» Task requirements
Nothing but the lines below from the one containing "867 - حَدَّثَنَا" through the one containing "Слайд 15Юные туристы" should appear in the answer, exact and without pictures.

» Provided material
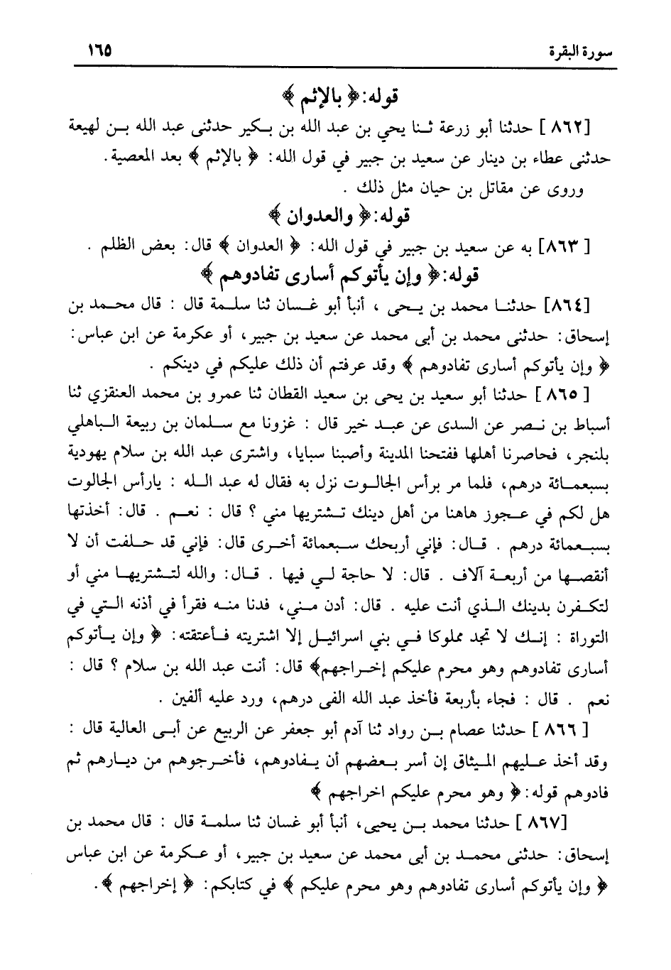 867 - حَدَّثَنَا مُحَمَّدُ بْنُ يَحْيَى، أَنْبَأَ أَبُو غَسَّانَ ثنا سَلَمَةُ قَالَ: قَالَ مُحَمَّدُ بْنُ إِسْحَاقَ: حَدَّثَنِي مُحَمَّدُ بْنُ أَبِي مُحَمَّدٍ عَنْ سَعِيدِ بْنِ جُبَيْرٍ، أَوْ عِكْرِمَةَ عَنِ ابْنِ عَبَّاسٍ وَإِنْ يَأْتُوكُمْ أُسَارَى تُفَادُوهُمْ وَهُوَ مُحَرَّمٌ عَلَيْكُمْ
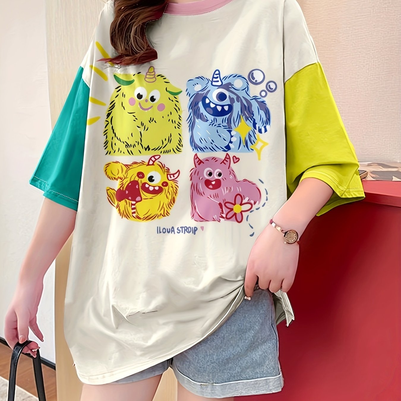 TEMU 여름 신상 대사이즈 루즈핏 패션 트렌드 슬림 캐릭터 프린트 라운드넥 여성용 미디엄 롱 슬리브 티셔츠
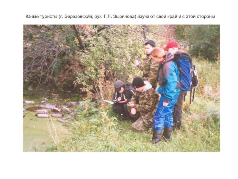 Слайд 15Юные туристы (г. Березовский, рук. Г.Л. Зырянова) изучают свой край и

* * *

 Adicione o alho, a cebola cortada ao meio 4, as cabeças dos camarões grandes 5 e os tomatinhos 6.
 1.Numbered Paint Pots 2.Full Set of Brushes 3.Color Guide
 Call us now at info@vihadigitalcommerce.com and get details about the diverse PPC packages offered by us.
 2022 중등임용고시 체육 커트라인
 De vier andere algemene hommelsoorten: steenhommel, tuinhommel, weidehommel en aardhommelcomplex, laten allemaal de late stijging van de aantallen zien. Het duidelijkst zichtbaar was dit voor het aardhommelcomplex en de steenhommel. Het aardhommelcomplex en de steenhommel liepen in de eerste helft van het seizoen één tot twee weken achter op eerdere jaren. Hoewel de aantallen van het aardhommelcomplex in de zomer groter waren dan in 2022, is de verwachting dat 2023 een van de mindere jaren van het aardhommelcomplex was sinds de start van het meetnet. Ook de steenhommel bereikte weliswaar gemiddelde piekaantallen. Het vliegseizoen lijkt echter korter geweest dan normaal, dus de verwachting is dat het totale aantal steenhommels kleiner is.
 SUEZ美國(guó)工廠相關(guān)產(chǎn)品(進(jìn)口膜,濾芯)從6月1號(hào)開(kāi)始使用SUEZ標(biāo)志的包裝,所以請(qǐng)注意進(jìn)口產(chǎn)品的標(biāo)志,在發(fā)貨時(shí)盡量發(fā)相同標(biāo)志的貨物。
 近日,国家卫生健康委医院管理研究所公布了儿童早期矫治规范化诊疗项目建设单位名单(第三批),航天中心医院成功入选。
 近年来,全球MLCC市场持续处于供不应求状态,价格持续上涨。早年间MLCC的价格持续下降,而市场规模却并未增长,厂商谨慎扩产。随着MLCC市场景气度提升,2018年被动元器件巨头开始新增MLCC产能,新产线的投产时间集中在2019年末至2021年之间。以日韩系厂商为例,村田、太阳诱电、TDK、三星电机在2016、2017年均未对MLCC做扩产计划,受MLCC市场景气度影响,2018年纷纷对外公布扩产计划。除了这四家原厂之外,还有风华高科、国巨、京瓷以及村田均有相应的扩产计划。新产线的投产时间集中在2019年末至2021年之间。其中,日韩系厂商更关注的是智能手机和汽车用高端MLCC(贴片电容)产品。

» Solution below
 867 - حَدَّثَنَا مُحَمَّدُ بْنُ يَحْيَى، أَنْبَأَ أَبُو غَسَّانَ ثنا سَلَمَةُ قَالَ: قَالَ مُحَمَّدُ بْنُ إِسْحَاقَ: حَدَّثَنِي مُحَمَّدُ بْنُ أَبِي مُحَمَّدٍ عَنْ سَعِيدِ بْنِ جُبَيْرٍ، أَوْ عِكْرِمَةَ عَنِ ابْنِ عَبَّاسٍ وَإِنْ يَأْتُوكُمْ أُسَارَى تُفَادُوهُمْ وَهُوَ مُحَرَّمٌ عَلَيْكُمْ
 TEMU 여름 신상 대사이즈 루즈핏 패션 트렌드 슬림 캐릭터 프린트 라운드넥 여성용 미디엄 롱 슬리브 티셔츠
 Слайд 15Юные туристы (г. Березовский, рук. Г.Л. Зырянова) изучают свой край и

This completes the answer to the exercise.